◆ Supplied material ◆

-------

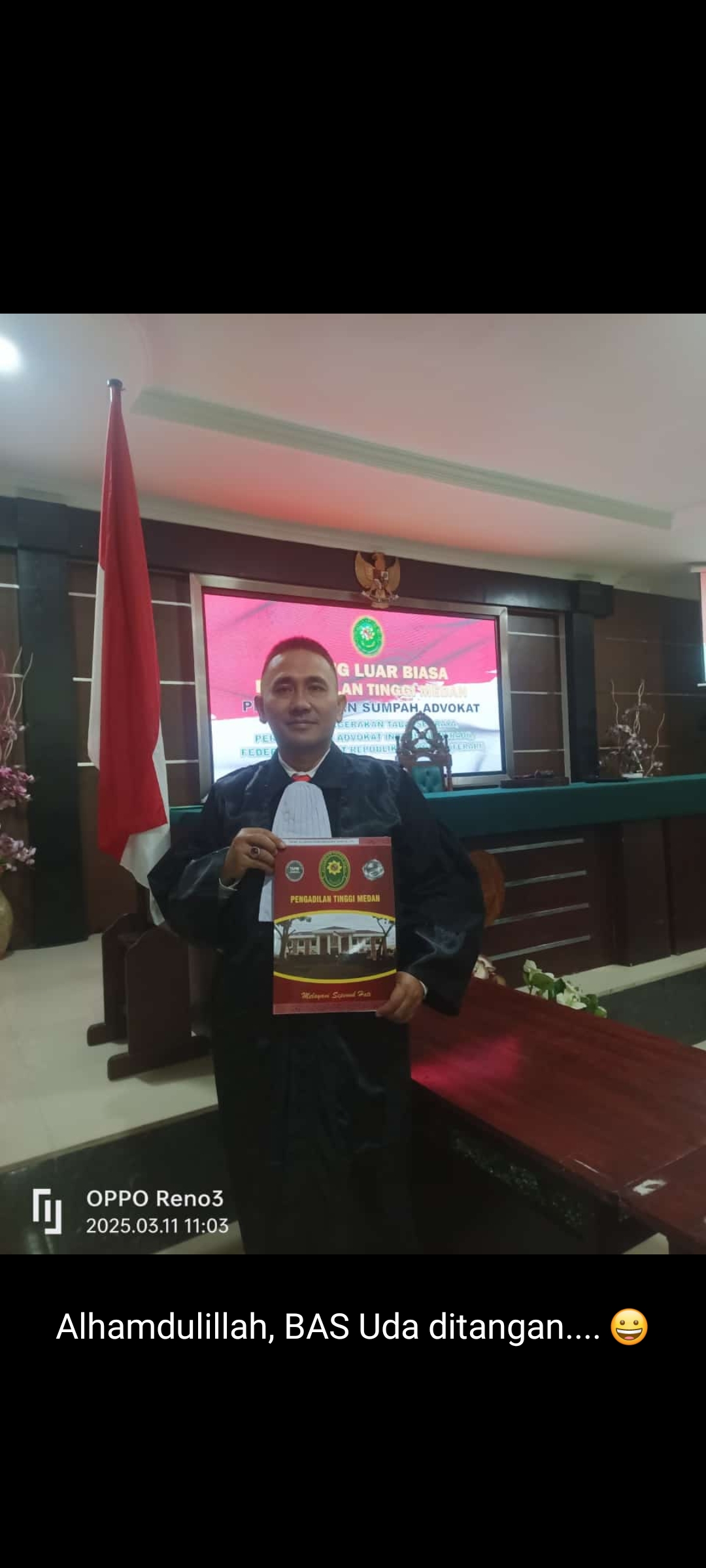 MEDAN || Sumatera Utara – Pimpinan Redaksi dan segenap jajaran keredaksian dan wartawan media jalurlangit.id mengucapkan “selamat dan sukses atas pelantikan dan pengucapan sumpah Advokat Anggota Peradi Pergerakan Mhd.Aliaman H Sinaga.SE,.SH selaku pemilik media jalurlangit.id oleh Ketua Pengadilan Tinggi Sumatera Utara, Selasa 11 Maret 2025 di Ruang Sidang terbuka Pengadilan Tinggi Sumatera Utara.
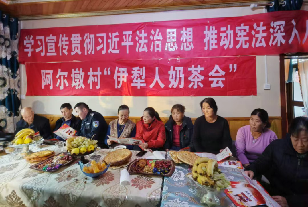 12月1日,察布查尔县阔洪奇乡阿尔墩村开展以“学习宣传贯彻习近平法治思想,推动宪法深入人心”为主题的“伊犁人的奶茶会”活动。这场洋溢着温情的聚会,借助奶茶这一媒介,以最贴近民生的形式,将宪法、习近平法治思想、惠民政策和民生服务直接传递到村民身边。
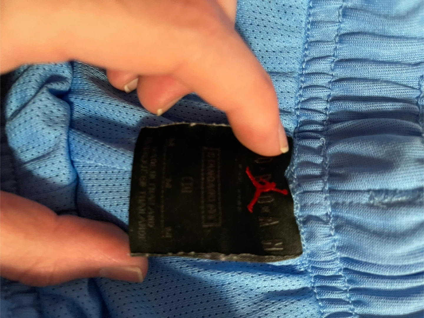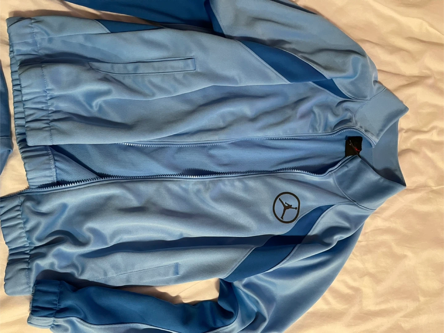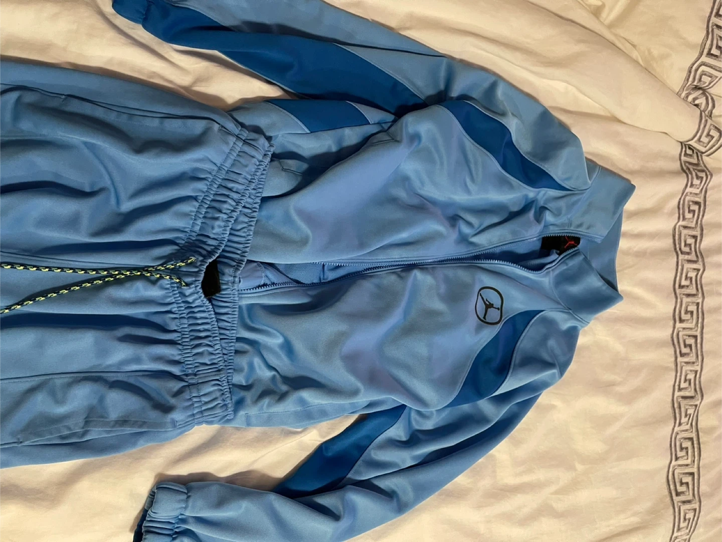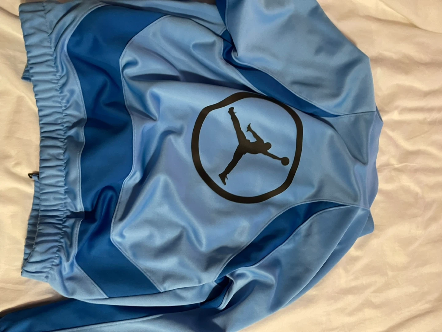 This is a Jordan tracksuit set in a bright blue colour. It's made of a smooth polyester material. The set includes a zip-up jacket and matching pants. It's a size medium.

-------

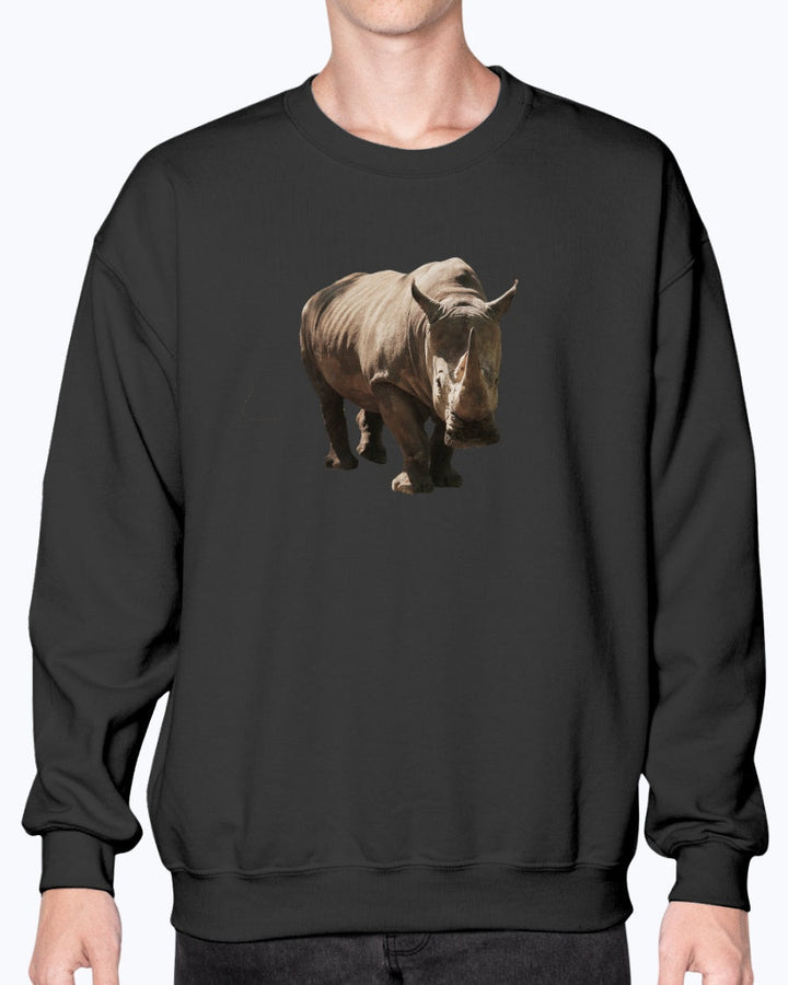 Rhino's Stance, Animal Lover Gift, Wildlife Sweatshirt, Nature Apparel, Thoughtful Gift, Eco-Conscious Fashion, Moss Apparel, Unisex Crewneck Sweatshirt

-------

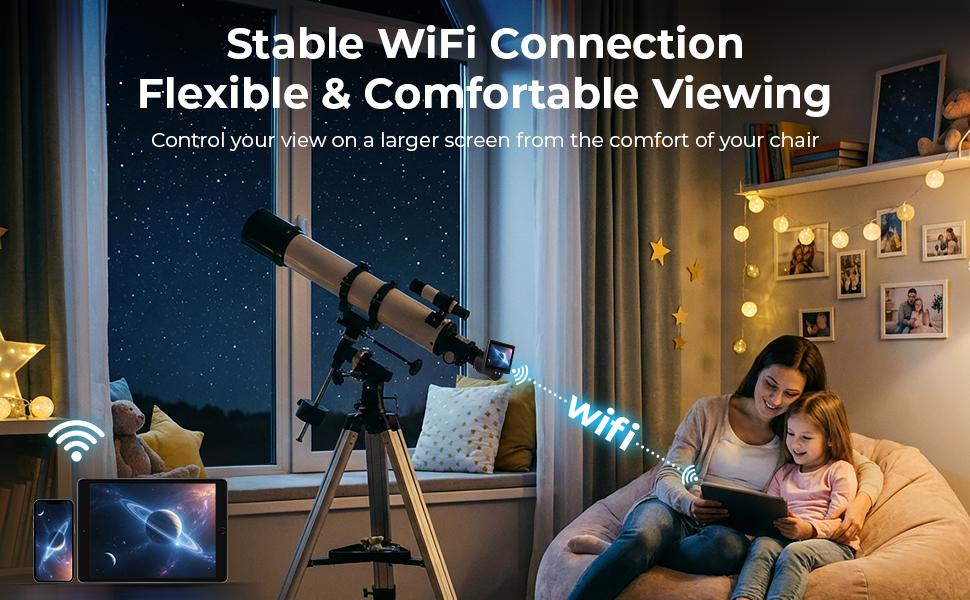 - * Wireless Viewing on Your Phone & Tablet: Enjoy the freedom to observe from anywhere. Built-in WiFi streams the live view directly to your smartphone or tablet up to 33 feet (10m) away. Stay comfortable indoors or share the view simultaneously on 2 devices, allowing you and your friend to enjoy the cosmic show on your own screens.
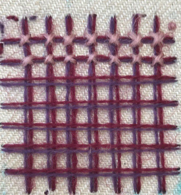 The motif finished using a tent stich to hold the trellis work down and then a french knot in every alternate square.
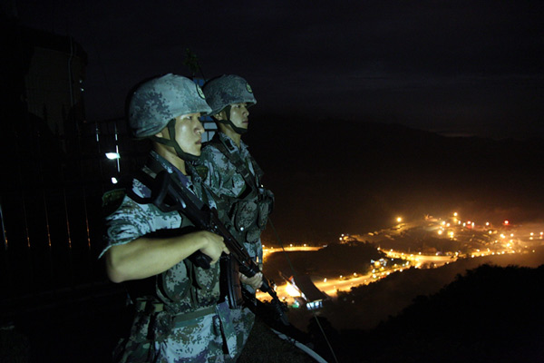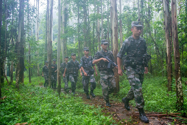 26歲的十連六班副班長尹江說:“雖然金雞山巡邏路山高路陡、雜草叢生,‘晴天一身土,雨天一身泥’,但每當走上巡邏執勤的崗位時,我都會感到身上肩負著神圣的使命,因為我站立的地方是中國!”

-------

Pictures excluded, give again exactly and only the lines of the material above from the line with "MEDAN || Sumatera" through the line with "This is a Jordan".

 MEDAN || Sumatera Utara – Pimpinan Redaksi dan segenap jajaran keredaksian dan wartawan media jalurlangit.id mengucapkan “selamat dan sukses atas pelantikan dan pengucapan sumpah Advokat Anggota Peradi Pergerakan Mhd.Aliaman H Sinaga.SE,.SH selaku pemilik media jalurlangit.id oleh Ketua Pengadilan Tinggi Sumatera Utara, Selasa 11 Maret 2025 di Ruang Sidang terbuka Pengadilan Tinggi Sumatera Utara.
 12月1日,察布查尔县阔洪奇乡阿尔墩村开展以“学习宣传贯彻习近平法治思想,推动宪法深入人心”为主题的“伊犁人的奶茶会”活动。这场洋溢着温情的聚会,借助奶茶这一媒介,以最贴近民生的形式,将宪法、习近平法治思想、惠民政策和民生服务直接传递到村民身边。
 This is a Jordan tracksuit set in a bright blue colour. It's made of a smooth polyester material. The set includes a zip-up jacket and matching pants. It's a size medium.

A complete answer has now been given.